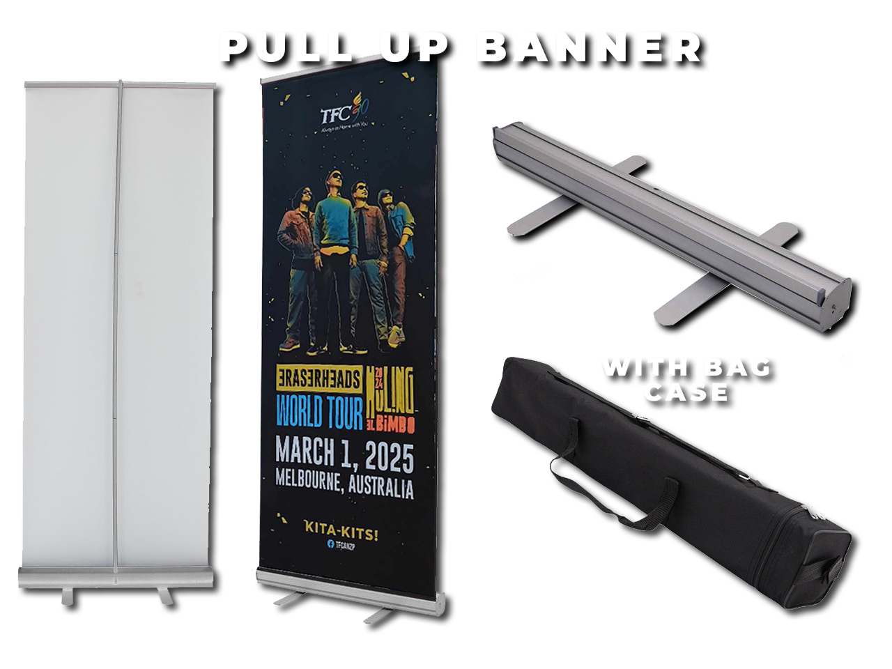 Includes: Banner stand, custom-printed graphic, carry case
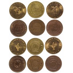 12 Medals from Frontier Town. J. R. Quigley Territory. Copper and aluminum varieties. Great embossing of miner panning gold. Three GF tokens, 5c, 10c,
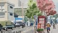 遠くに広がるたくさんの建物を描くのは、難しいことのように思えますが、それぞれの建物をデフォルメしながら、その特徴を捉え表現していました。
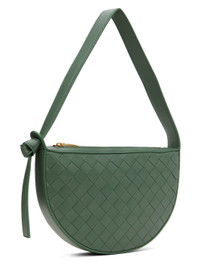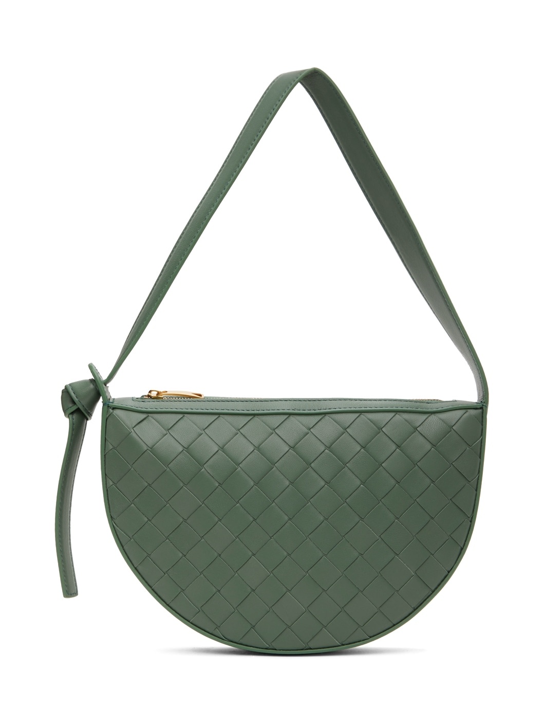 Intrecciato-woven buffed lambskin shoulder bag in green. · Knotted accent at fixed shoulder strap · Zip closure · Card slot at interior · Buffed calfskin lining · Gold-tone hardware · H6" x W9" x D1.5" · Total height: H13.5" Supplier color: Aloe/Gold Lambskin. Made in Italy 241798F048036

* * * * * * * * *

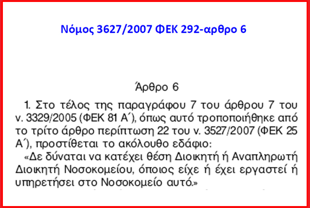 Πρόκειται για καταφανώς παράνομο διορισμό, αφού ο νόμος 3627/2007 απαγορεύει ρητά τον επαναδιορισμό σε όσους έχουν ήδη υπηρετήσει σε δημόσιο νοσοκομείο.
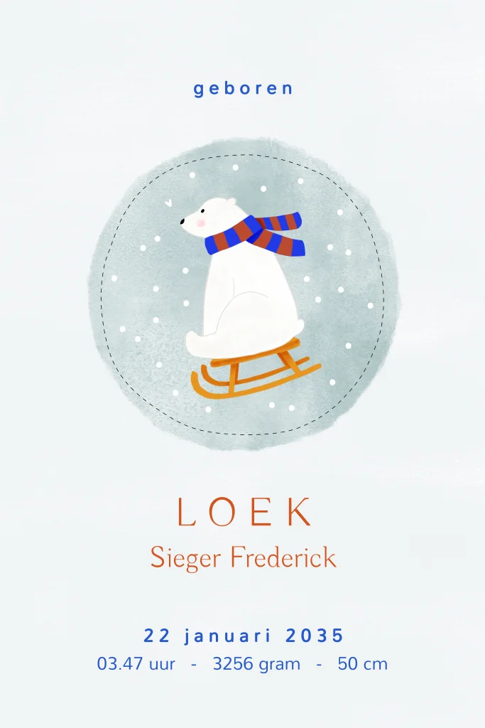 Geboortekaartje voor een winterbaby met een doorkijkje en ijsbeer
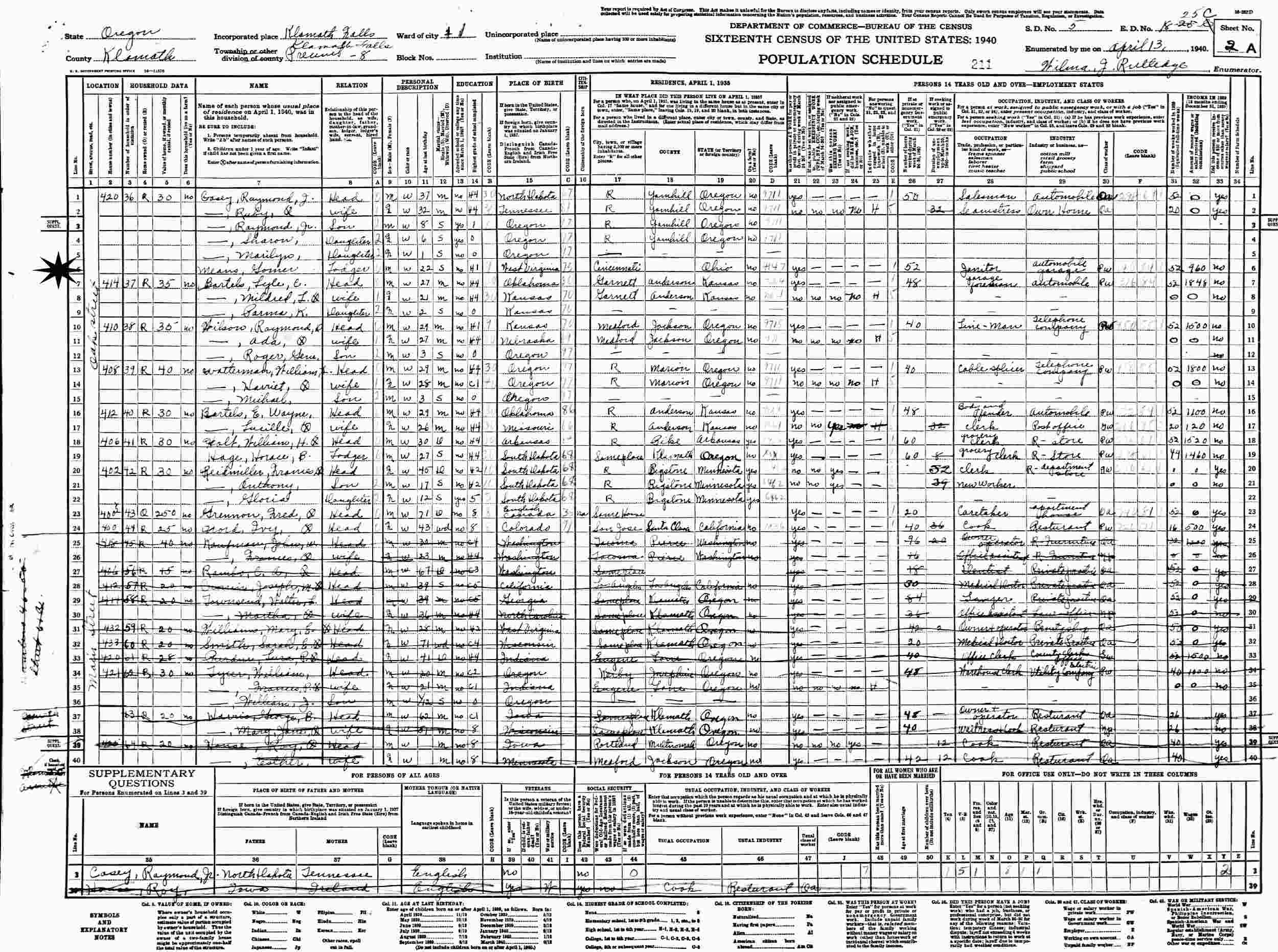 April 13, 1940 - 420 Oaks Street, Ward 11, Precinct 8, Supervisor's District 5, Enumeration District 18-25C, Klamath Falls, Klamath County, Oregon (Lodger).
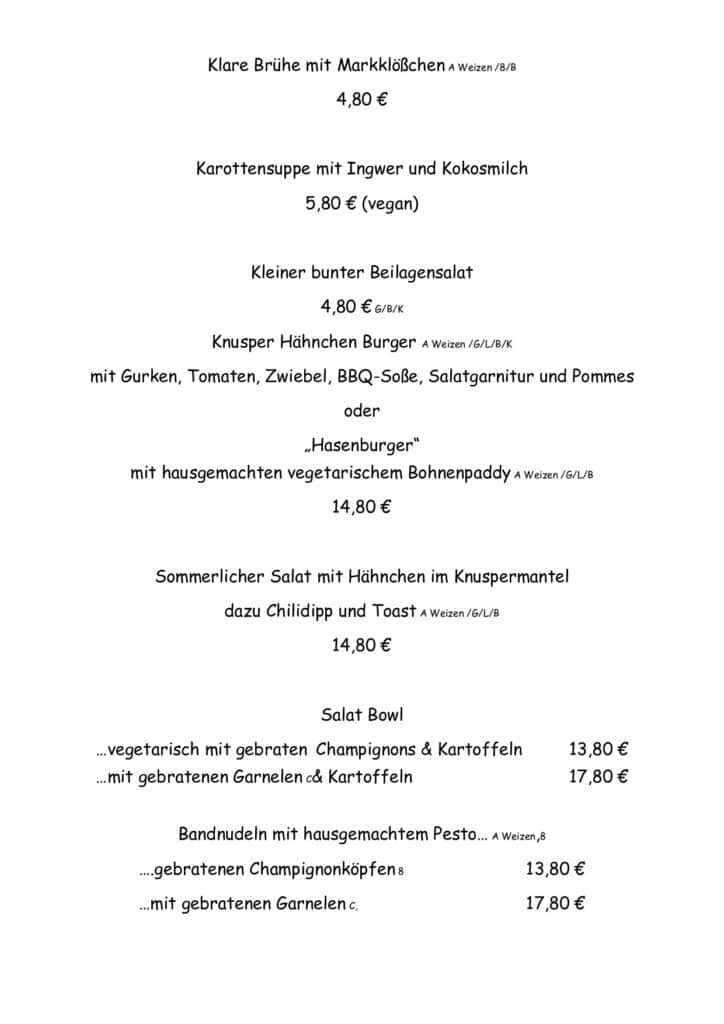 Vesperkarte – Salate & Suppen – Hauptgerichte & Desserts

* * * * * * * * *

*THE PROBLEM*. From the records above, transcribe only the stretch from the line with "遠くに広がるたくさんの建物を" through the line with "Intrecciato-woven buffed lambskin", keeping both ends. Omit pictures.

*YOUR SOLUTION*.
 遠くに広がるたくさんの建物を描くのは、難しいことのように思えますが、それぞれの建物をデフォルメしながら、その特徴を捉え表現していました。
 Intrecciato-woven buffed lambskin shoulder bag in green. · Knotted accent at fixed shoulder strap · Zip closure · Card slot at interior · Buffed calfskin lining · Gold-tone hardware · H6" x W9" x D1.5" · Total height: H13.5" Supplier color: Aloe/Gold Lambskin. Made in Italy 241798F048036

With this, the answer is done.